Creating a `BeautifulSoup` object named *doc* to parse the contents in *page_contents*

In [21]:
doc = BeautifulSoup(page_contents, 'html.parser')

We can check the title of the webpage using `.title`

In [22]:
doc.title

<title>IMDb Top 250 TV - IMDb</title>

I am defining a `get_page` function that takes the URL of the web page, calls requests, checks the status code, gets the page contents and returns doc. 

In [23]:
def get_page(url):
    """Download a web page and return a beautiful soup doc"""
    # Get the HTML page content using requests
    response = requests.get(url)
        
   # Check successful response
    if not response.ok:
        print('Status code:', response.status_code)
        raise Exception('Failed to fetch web page ' + url)
        
    page_contents = response.text
    
    # Construct a beautiful soup document
    doc = BeautifulSoup(response.text, 'html.parser')

    return doc

In [24]:
doc2 = get_page('https://www.imdb.com/chart/toptv/')

In [25]:
doc2.title

<title>IMDb Top 250 TV - IMDb</title>

The function *get_page* returns doc and works successfully.

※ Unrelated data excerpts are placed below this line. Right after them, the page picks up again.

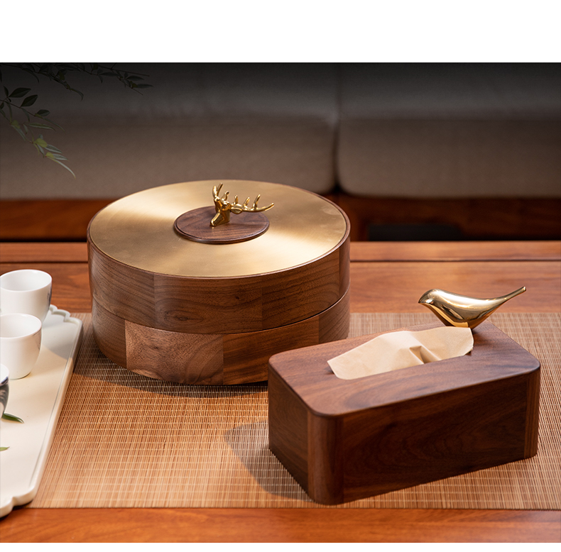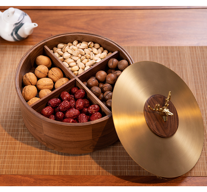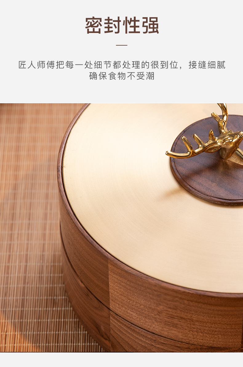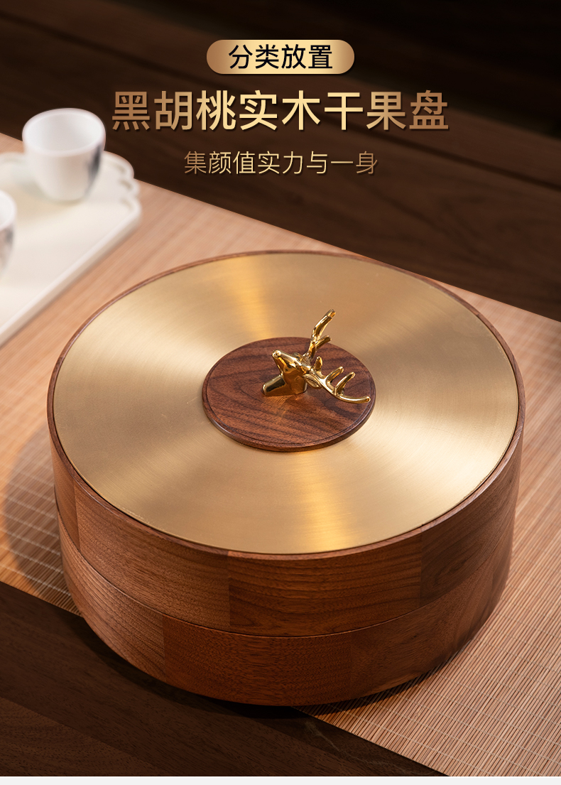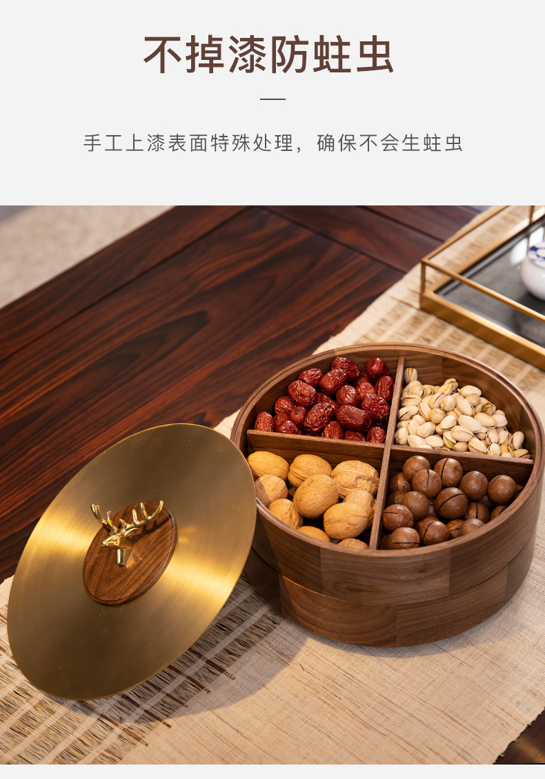 黑胡桃木轻奢带盖纯铜多层创意收纳干果盒零食水果盘客厅茶几家用
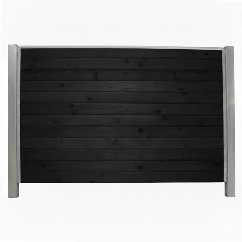 Hegnet monteres med kraftige stålstolper, der måler 80x80 mm i bredden og har en højde på 270 cm. Stolperne har en godstykkelse på 2 mm, hvilket sikrer maksimal styrke og lang levetid. De leveres med plasttoppe og sideskinner, der nemt skrues fast med de medfølgende selvskærende skruer, hvilket gør monteringen enkel og sikker. Kombinationen af de sorte træprofiler og de stærke stålstolper giver hegnet et minimalistisk og moderne udtryk.
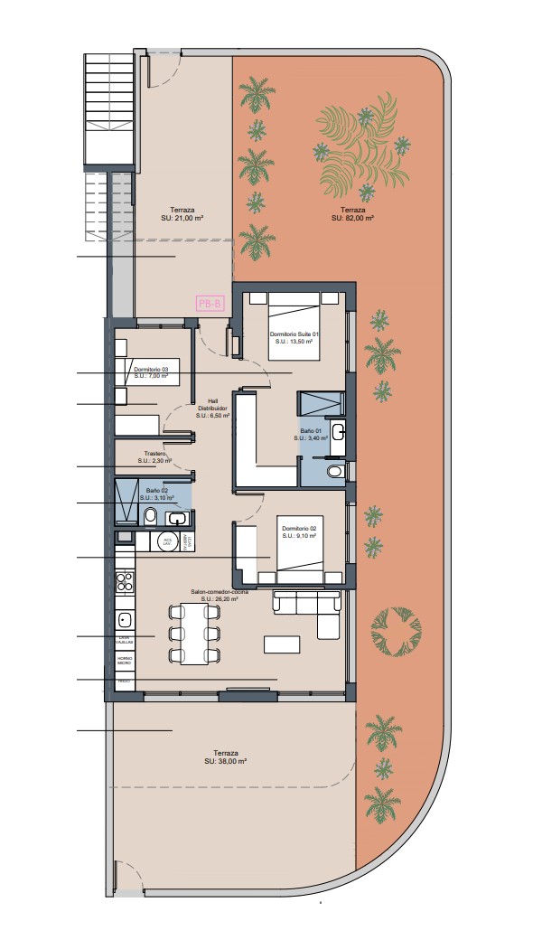 Fantastic 3 bed ground floor apartment with 129 m2 terraces. Close to golf and walkable distance to town and beach.
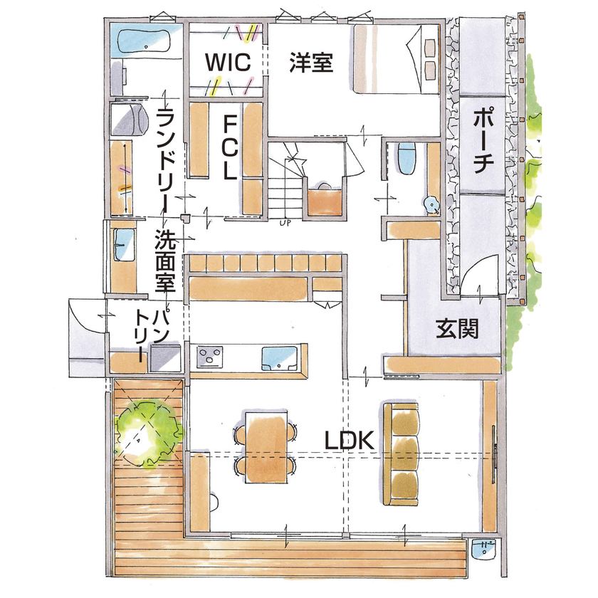 この建築事例では、家事動線の工夫と屋外とのつながりを楽しめるウッドデッキが特徴です。

We can now use the function `get_function` to download any web page and parse it using Beautiful Soup. 

## Extract the top 250 TV Shows 

### Finding Ranks of the TV Shows

In web scraping we try to get information out of the HTML code by extracting the required [HTML tags](https://www.w3schools.com/TAGS/default.ASP). We use the inspect option in the web page to get to know the information contained in the HTML tags. 

For example in the highlighted part of the image below, `td` tag of class `titleColumn` contains the rank ("1.") and a few other tags. Any web page can be inspected by just right-clicking on the web page and clicking on inspect. 
![](https://i.imgur.com/M8ImBLx.png)

I will first try to just extract the rank of the show. Below is the function to do so:

In [26]:
def get_ranks(doc):
    '''Function to get the rank of all the TV Shows'''
    # Get the list of all the td tags of class 'titleColumn'
    tv_show_rank_tags = doc.select('td.titleColumn')
    
    # Iterate over individual tags to extract rank and append all the results to tv_show_rank 
    tv_show_rank= []
    
    for tv_show_rank_tag in tv_show_rank_tags:
        # Since the for loop returns the rank along with some other tags I will be using the index of the list  
        if tv_show_rank_tag.text.strip()[1] == '.':
            tv_show_rank.append(tv_show_rank_tag.text.strip()[0:1])
        elif tv_show_rank_tag.text.strip()[2] == '.':
            tv_show_rank.append(tv_show_rank_tag.text.strip()[0:2])
        else:
            tv_show_rank.append(tv_show_rank_tag.text.strip()[0:3])
    
    return tv_show_rank

The function `get_ranks` takes a BeautifulSoup object as an input and returns the rank of the TV Shows listed in the website. Below is a sample output:

In [27]:
ranks = get_ranks(doc)

In [28]:
len(ranks)

250

The length of *ranks* is 250 which shows that our output is correct. Here is the first ten ranks of the TV Shows:

In [29]:
ranks[:10]

['1', '2', '3', '4', '5', '6', '7', '8', '9', '10']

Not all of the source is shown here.